▶ _Task brief_: Exactly transcribe the span of lines from the one containing "地熱發(fā)電需根據(jù" through the final line of the entries, inclusive, and nothing outside it. Exclude the pictures.
Content starts
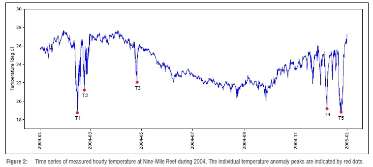 Cold water temperature anomalies occur throughout the temperature records on Nine-Mile Reef. Roberts et al.15 identified notable temperature anomalies during the year 2004. Figure 2 presents a time series of the measured temperatures at Nine-Mile Reef during the year 2004 as an example to highlight the temperature anomalies in the data.
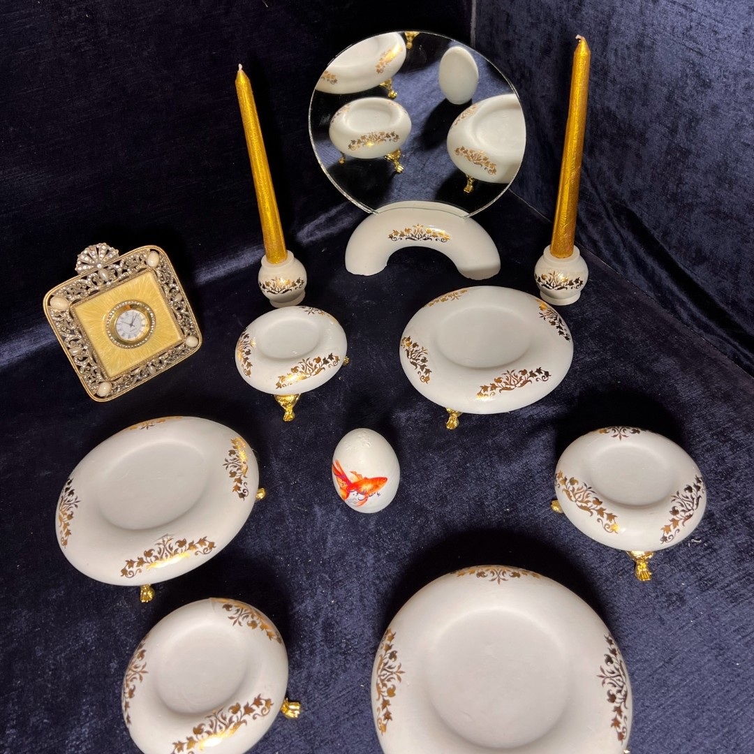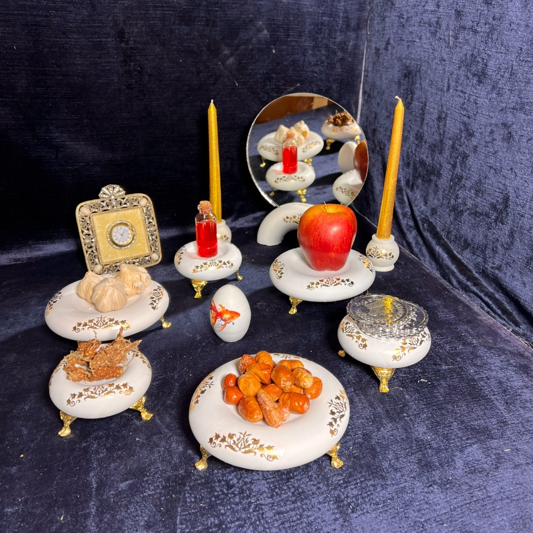ست هفت سین دوناتی پایه دار سنگ مصنوعی با آینه و شمعدان مبلمونسرا مدل 262450
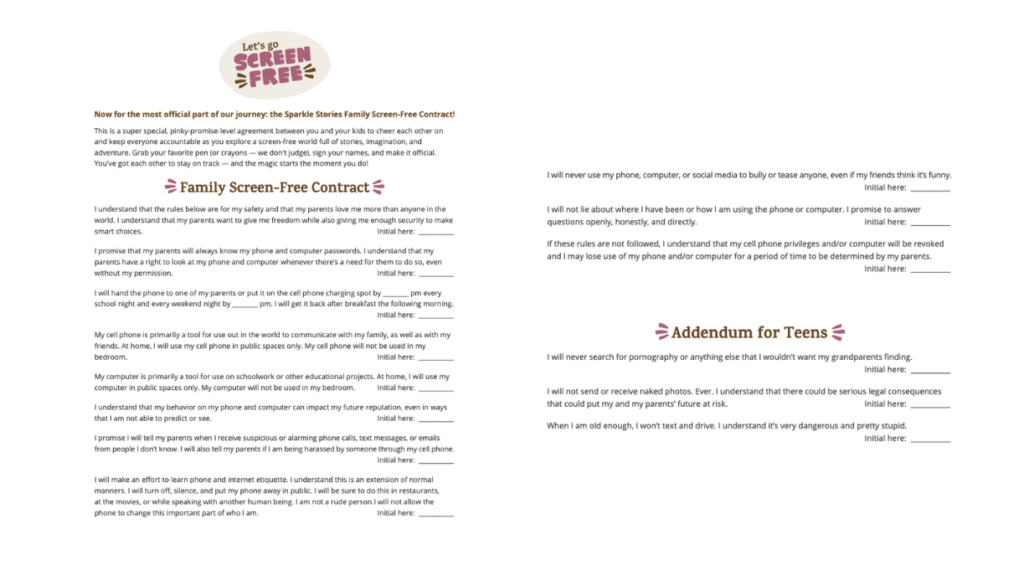 Think of it less like a digital detox and more like a family adventure. The guide walks you through everything from understanding why less screen time can be such a game-changer (spoiler: the research is pretty compelling!) to planning your experiment, holding a family meeting, and even creating your very own Family Screen-Free Contract — because making it official just makes it more fun. There’s even a whole section on surviving the tricky moments — because yes, there will be a moment when someone dramatically declares they’re “so bored.” We’ve got you covered.
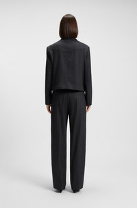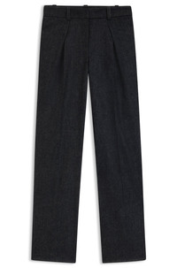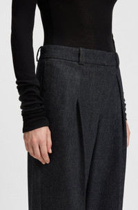 DETAILS Combining modern box pleats with a straight leg, these BOSS Womenswear trousers will become a cool-weather favorite. Melange flannel with added stretch. Straight fit Regular rise Hook and zip closure Straight leg Crease Pockets bottom front: Side pockets Pockets bottom back: Welt pocket C_Taflong - 50547679 QUALITY & CARE INSTRUCTIONS Do Not Wash Do Not Tumble Dry Iron Low Heat Do Not Bleach Material: 57% Polyester, 26% Wool, 15% Viscose, 2% Elastane, pocketing: 55% Polyester, 45% Viscose Dry Clean Only
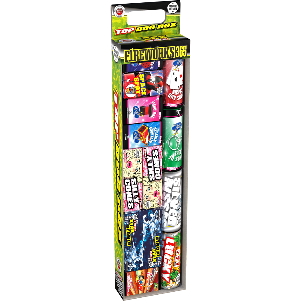 Effektbeschreibung Super großes Feuerwerk-Sortiment das man das ganze Jahr kaufen und zünden darf. 22 große Teile!
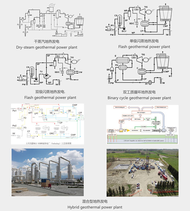 地熱發(fā)電需根據(jù)地熱流體的溫度、壓力以及它們的水、汽品質(zhì)的不同而采取不同的設計方案。其主要類型包括:干蒸汽地熱發(fā)電、單級閃蒸地熱發(fā)電、雙級閃蒸地熱發(fā)電、一井一站地熱發(fā)電、混合型地熱發(fā)電、雙工質(zhì)循環(huán)地熱發(fā)電、干熱巖發(fā)電。
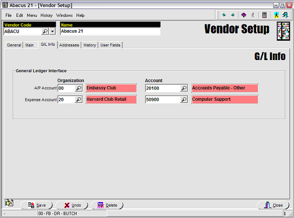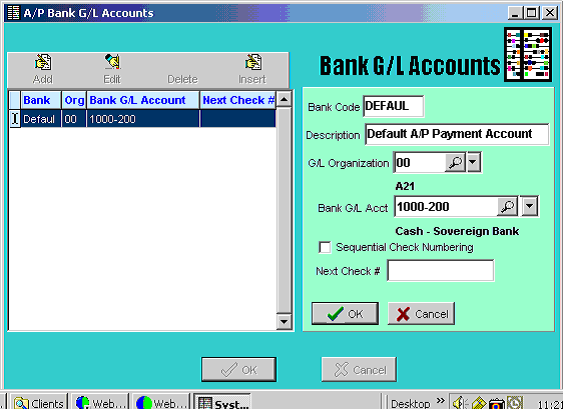 The appropriate Accounts must be added for General Ledger posting. This will define the default G/L Organizations and Accounts for the standard A/P Journal Entries that are created as a result of processing.
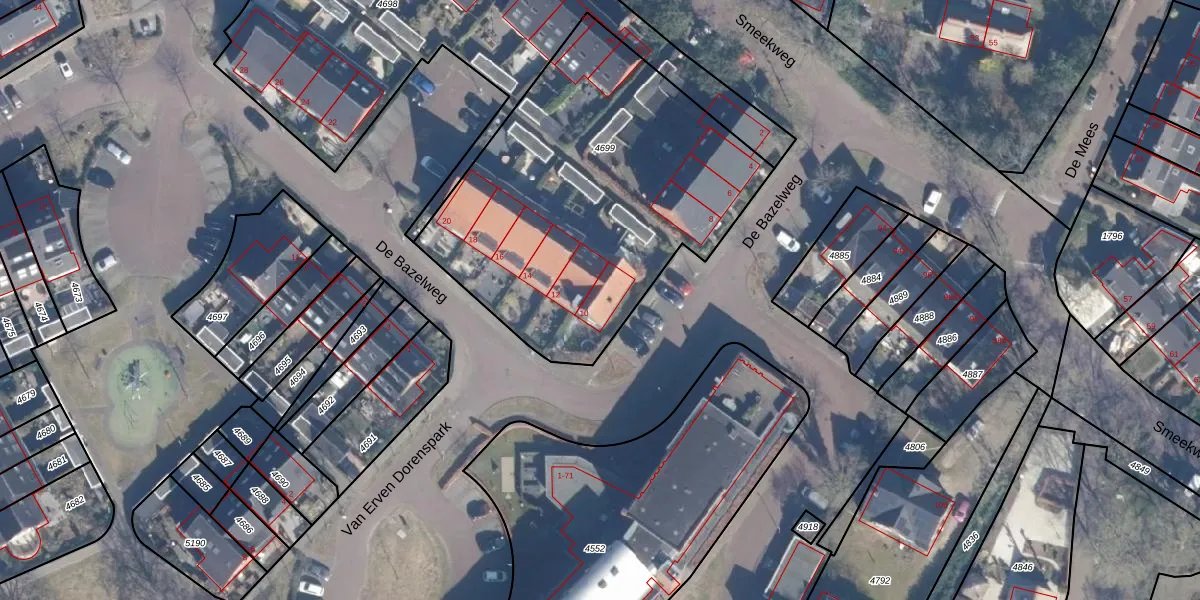 De Bazelweg 10 is gelegen op kadastraal perceel LRN01G4699. Deze kadastrale aanduiding is uniek en wordt gebruikt door het Kadaster om eigendomsrechten en andere zakelijke rechten vast te leggen. Het perceel maakt onderdeel uit van de kadastrale gemeente Laren Noord-Holland.
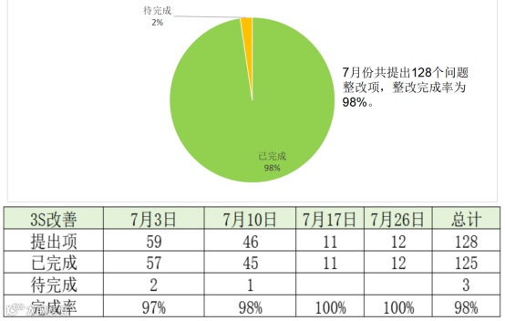 通过检查输出问题整改任务,在整个项目落地过程中,从上到下行动迅速,项目整改达成率为98%。
Content ends
▶ _Response_:
 地熱發(fā)電需根據(jù)地熱流體的溫度、壓力以及它們的水、汽品質(zhì)的不同而采取不同的設計方案。其主要類型包括:干蒸汽地熱發(fā)電、單級閃蒸地熱發(fā)電、雙級閃蒸地熱發(fā)電、一井一站地熱發(fā)電、混合型地熱發(fā)電、雙工質(zhì)循環(huán)地熱發(fā)電、干熱巖發(fā)電。
 The appropriate Accounts must be added for General Ledger posting. This will define the default G/L Organizations and Accounts for the standard A/P Journal Entries that are created as a result of processing.
 De Bazelweg 10 is gelegen op kadastraal perceel LRN01G4699. Deze kadastrale aanduiding is uniek en wordt gebruikt door het Kadaster om eigendomsrechten en andere zakelijke rechten vast te leggen. Het perceel maakt onderdeel uit van de kadastrale gemeente Laren Noord-Holland.
 通过检查输出问题整改任务,在整个项目落地过程中,从上到下行动迅速,项目整改达成率为98%。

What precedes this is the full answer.